[EXERCISE BRIEF] Could you transcribe every record below exactly as written, excluding the pictures?

[Dataset entries]
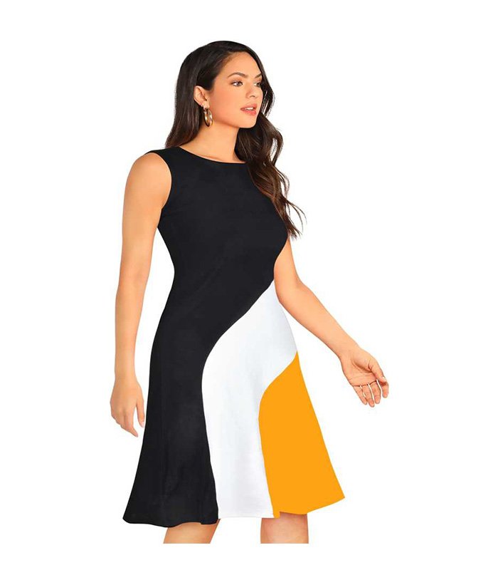 Miss Rare Women Skater Black, White, Yellow Dress
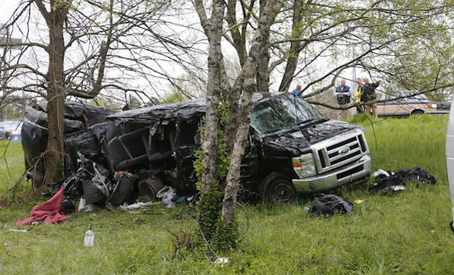 Georgia State Patrol officers told WSB-TV that the driver, who was uninjured, apparently fell asleep just after 7 a.m., causing to van veer down an embankment and crash into a tree. The accident occurred on I-85, about 65 miles northeast of Atlanta.
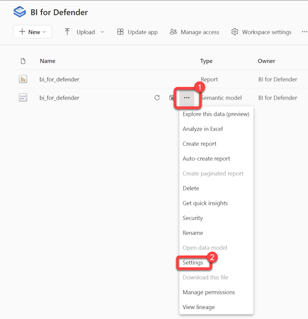- Hover over the bi_for_defender Semantic model dataset to reveal a kebab menu (three vertical dots).
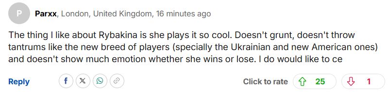 — Что мне нравится в Рыбакиной, так это ее хладнокровие. Она не визжит, не устраивает истерики, как новое поколение теннисисток (особенно украинки и американки), и не проявляет особых эмоций независимо от того, выигрывает она или проигрывает. Всем бы так…
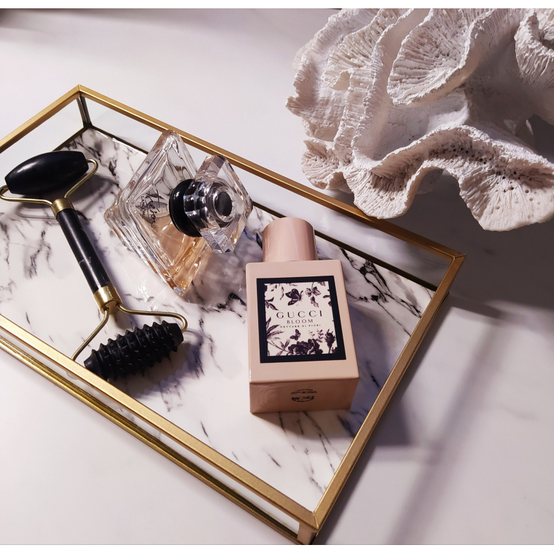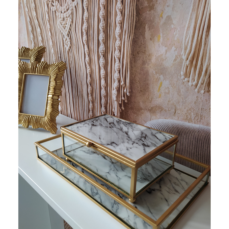 Box skleněný, zlatý kov a dekor mramoru - ideální kombinace na toaletní stolek, do koupelny či na konzolový stolek k odkládání drobností.
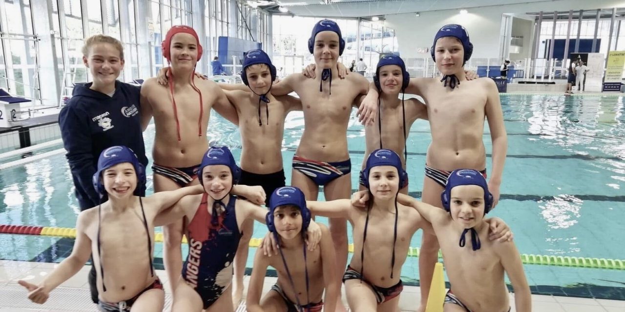L’équipe d’Angers Natation Water-polo : FERRIER, GNANOU, OSSENT (1 but) BLOINO, HAUTBOIS, BLOINO, JAN, LE TALLEC (4 buts), PRIGENT BIDON, CROCHET Entraîneur : Charlotte MOREIRA & Tugdual LIVENAIS.
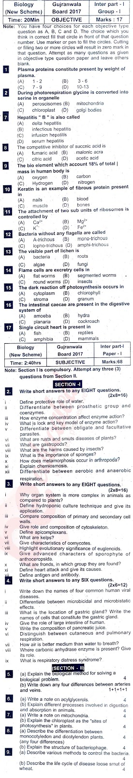 - 2017 FSC (11th Class) Biology Past Papers Gujranwala Board
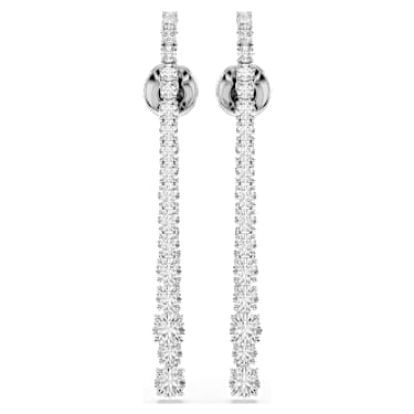 These dramatic trails of light are the perfect showcase of illuminating style. Each rhodium plated piece features two strands of Zirconia, presented in a clear hue and a rising gradient of sizes. The effect is both elegant and bold, giving you an expressive pair of pierced earrings for any special occasion.

[OUTPUT FOR THIS EXERCISE]
 Miss Rare Women Skater Black, White, Yellow Dress
 Georgia State Patrol officers told WSB-TV that the driver, who was uninjured, apparently fell asleep just after 7 a.m., causing to van veer down an embankment and crash into a tree. The accident occurred on I-85, about 65 miles northeast of Atlanta.
- Hover over the bi_for_defender Semantic model dataset to reveal a kebab menu (three vertical dots).
 — Что мне нравится в Рыбакиной, так это ее хладнокровие. Она не визжит, не устраивает истерики, как новое поколение теннисисток (особенно украинки и американки), и не проявляет особых эмоций независимо от того, выигрывает она или проигрывает. Всем бы так…
 Box skleněný, zlatý kov a dekor mramoru - ideální kombinace na toaletní stolek, do koupelny či na konzolový stolek k odkládání drobností.
L’équipe d’Angers Natation Water-polo : FERRIER, GNANOU, OSSENT (1 but) BLOINO, HAUTBOIS, BLOINO, JAN, LE TALLEC (4 buts), PRIGENT BIDON, CROCHET Entraîneur : Charlotte MOREIRA & Tugdual LIVENAIS.
 - 2017 FSC (11th Class) Biology Past Papers Gujranwala Board
 These dramatic trails of light are the perfect showcase of illuminating style. Each rhodium plated piece features two strands of Zirconia, presented in a clear hue and a rising gradient of sizes. The effect is both elegant and bold, giving you an expressive pair of pierced earrings for any special occasion.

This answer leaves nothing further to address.